我々が「古典(古文・漢文)」という科目を学ぶ目的とは、一体何でしょうか。

「現国」が、普遍的な思考の方法を学び、普遍的な能力を高める科目であることと対比させると、「古典」という科目は、日本語という特殊な言語、日本人という特殊な民族の問題を考える科目だということになります。

では、そもそも、日本人とは、日本とは何でしょうか。

それは一言でいえば、文化・文明の中心国ではなく、その周辺に位置した後進国でした。
そのために、中心の文化・文明の圧倒的な影響下にありながら、そこからの自立を目指して苦闘してきた民族です。

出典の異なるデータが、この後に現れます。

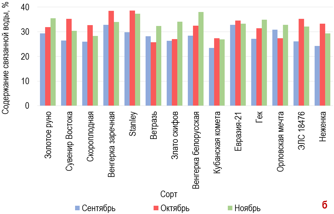 В результате проведенных исследований установлено, что содержание связанной воды в однолетних побегах сливы к началу осени у сортов Prunus domestica было выше в 1,15 и 1,17 раз, чем у сортов Prunus salicina и Prunus × rossica Erem. соответственно (рисунок 2а).

昔は中国から、近代では西欧から法や諸制度、経済や産業構造、文化を受け入れながら、そこからの自立という重い課題を担い、何とかそれに成功してきました。
その課題は現代でも基本的には変わらないのではないでしょうか。
そうした課題を担い、自らの独自な文化や思想を作り上げてきた先人たちから、私たちの「自立」のための生き方を学ぶのが古典教育の目的です。

日本の独自な文化や思想の根底には、私たちの日本語そのものがあり、その日本語で表現された文化的価値観や思想があります。

1. 日本語とは一体どういう言語なのでしょうか

我々はふだん、日本語を使って、人と会話し、本を読み、メールを打ち、文章を書き、そして日本語という言語によってものを考えています。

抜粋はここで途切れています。